:: Action item ::
An exact copy of the data below is needed; please leave out any pictures.

:: Supplied information ::
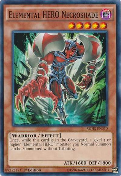 Once, while this card is in the Graveyard, 1 Level 5 or higher ‘Elemental HERO’ monster you Normal Summon can be Summoned without Tributing.
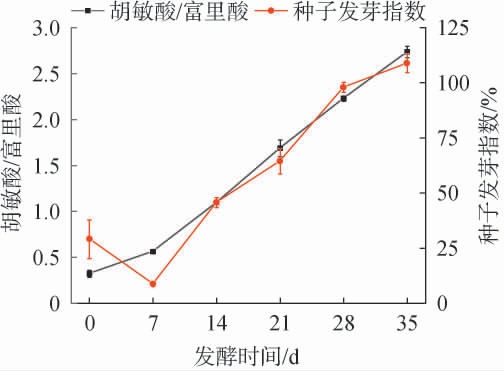 图7 超高温好氧堆肥过程中种子发芽指数和胡敏酸与富里酸比值的变化
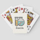 Playing cards with a cute illustration of a test tube holding yellow liquid and a rounded flask/beaker holding green liquid with red bubbles.
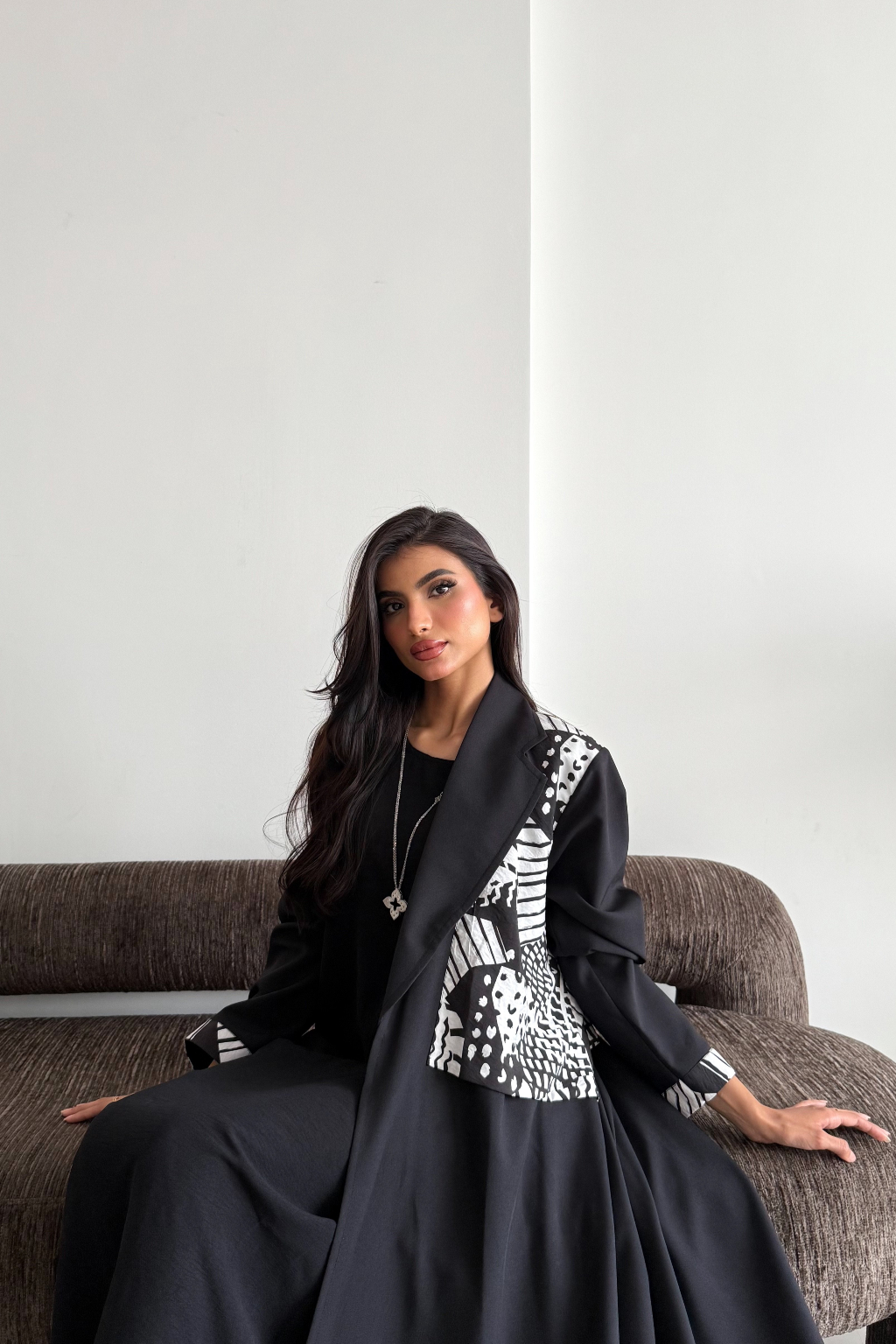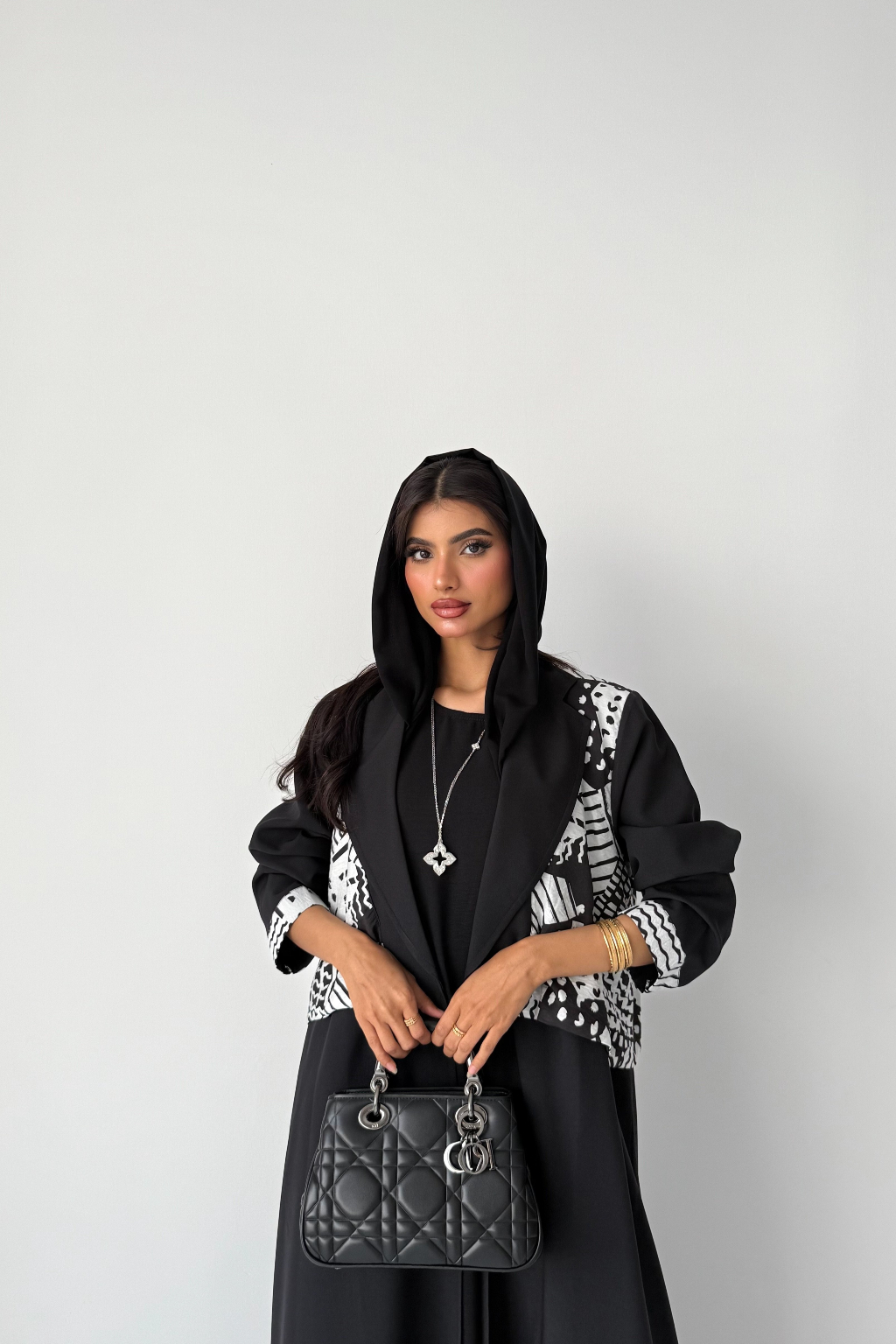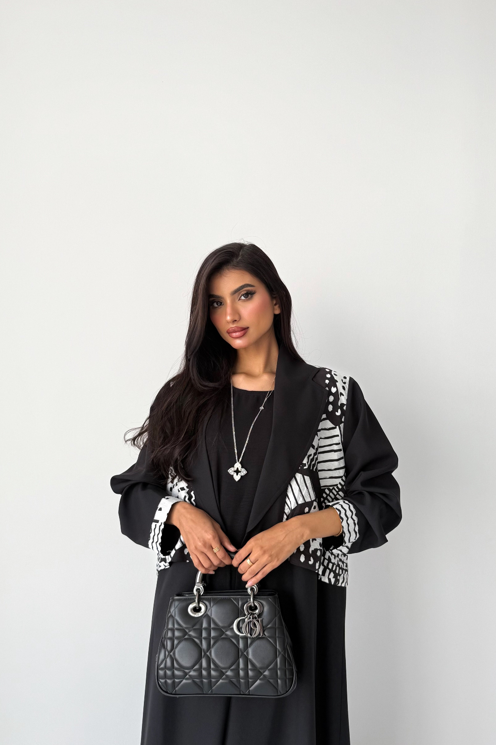 تمزج عباية سوداء أنيقة بين الطابع الكلاسيكي واللمسات العصرية لتمنحك إطلالة أنيقة تناسب مختلف المناسبات. بتصميمها الهندسي البسيط مع نقوش واضحة باللونين الأبيض والأسود على أرضية سوداء راقية، تصبح هذه القطعة واحدة من أجمل العبايات السوداء الأنيقة المناسبة كـ عباية خروج عصرية أو لإطلالات رسمية. تأتي مصنوعة من قماش الكريب الناعم المعروف بجودته العالية مع بطانة من جاكيت قصير من اللينن يضيف لمسة عملية وانتعاشاً مميزاً، لتجمع بين المتانة والراحة في ارتداء طويل الأمد.

:: Task solution ::
 Once, while this card is in the Graveyard, 1 Level 5 or higher ‘Elemental HERO’ monster you Normal Summon can be Summoned without Tributing.
 图7 超高温好氧堆肥过程中种子发芽指数和胡敏酸与富里酸比值的变化
 Playing cards with a cute illustration of a test tube holding yellow liquid and a rounded flask/beaker holding green liquid with red bubbles.
 تمزج عباية سوداء أنيقة بين الطابع الكلاسيكي واللمسات العصرية لتمنحك إطلالة أنيقة تناسب مختلف المناسبات. بتصميمها الهندسي البسيط مع نقوش واضحة باللونين الأبيض والأسود على أرضية سوداء راقية، تصبح هذه القطعة واحدة من أجمل العبايات السوداء الأنيقة المناسبة كـ عباية خروج عصرية أو لإطلالات رسمية. تأتي مصنوعة من قماش الكريب الناعم المعروف بجودته العالية مع بطانة من جاكيت قصير من اللينن يضيف لمسة عملية وانتعاشاً مميزاً، لتجمع بين المتانة والراحة في ارتداء طويل الأمد.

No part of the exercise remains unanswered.